I swallow and say something I can’t quite believe, “He committed suicide, y’know? My dad.” I’ve never allowed myself to say the ‘S’ word. Ever. Not since that day Mom said it to me and I started screaming and crying, trying to drown out the sound of it.

Mike doesn’t say anything but nods ever so slightly, then turns to look at me with such sadness and empathy gleaming wetly in his eyes. And I just keep talking -- about how I blamed Mom for everything, how I turned to drugs to dull the pain. All the stuff I’ve wanted to talk about since that day in October but never did comes pouring out. He just sits there and listens.

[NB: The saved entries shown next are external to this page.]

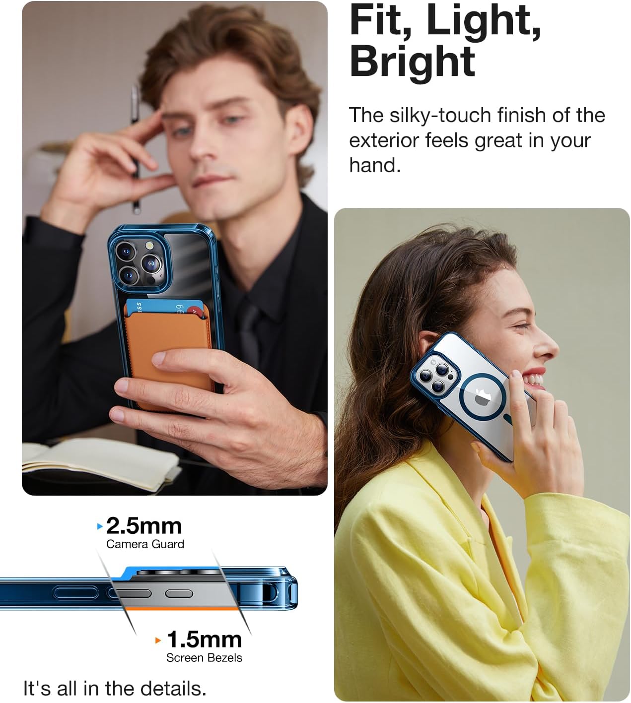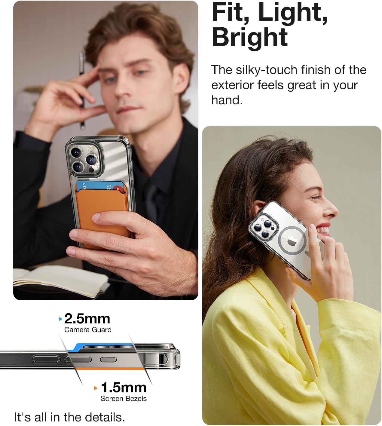 • 👍【Slim, Sleek, Secure Grip】 Slim profile, as thin as 0.04 inches, offers an incredibly light and comfortable grip for your iPhone 15 Pro Max. Made with premium soft-to-touch thermoplastic polyurethane (TPU) and silky-touch finish, this magnetic clear iPhone 15 Pro Max case ensures a delightful tactile experience, along with non-slip textured sides to provide the ultimate grip you can rely on. Plus, the sleek design makes it easy to carry in your pocket.
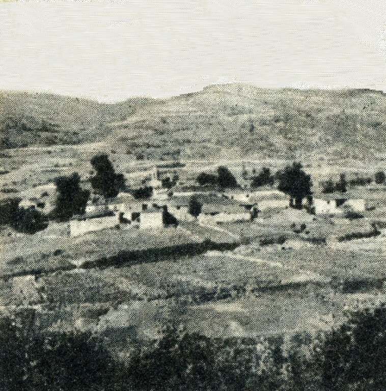Pueblo de Alberguería. Junio 1957. Los árboles la mayoría son frutales (nogales, avellanos, cerezos, perales, etc)
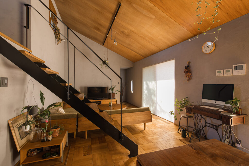 「緑と暮らす」をコンセプトに、天然木のぬくもりを随所に感じられる住まいを実現したIさんご家族。中二階の構造が家族の気配を近くに感じさせ、お互いの存在を自然に意識できる空間です。アンティーク品を交えた家具類が、懐かしさと心地よさを演出し、時を経るごとに深まる色艶が、住まいへの愛着を育んでいきます。

I don’t even notice that we’ve stopped in front of a shack on the coast. A small wooden dock juts a little way over the water but there’s no boat tied to it. “I thought we’re going out on the bay.”

“There’s something I want to show you first. Come on.” Mike hops out and walks over to the shack door, jingling his keys as he picks one out.

After pouring my heart out to him, I can’t very well let him walk off with it, can I? I get out and follow. The inside is unlike anything I could’ve expected. The floor’s covered with furs and skins of all kinds of animals -- I’ve never been any good at telling them apart, but I think they’re mostly deer, and smaller creatures? A few framed photos of Uncle Jeb showing off prize catches hang on the walls. A spiritcatcher skulks in the corner and a desk covered with all kinds of junk trinkets takes up nearly a quarter of the space.

“Uncle Jeb left me this -- pretty neat, huh?”

I peer at a strange-looking curio sprouting feathers and eyes and decide not to say anything.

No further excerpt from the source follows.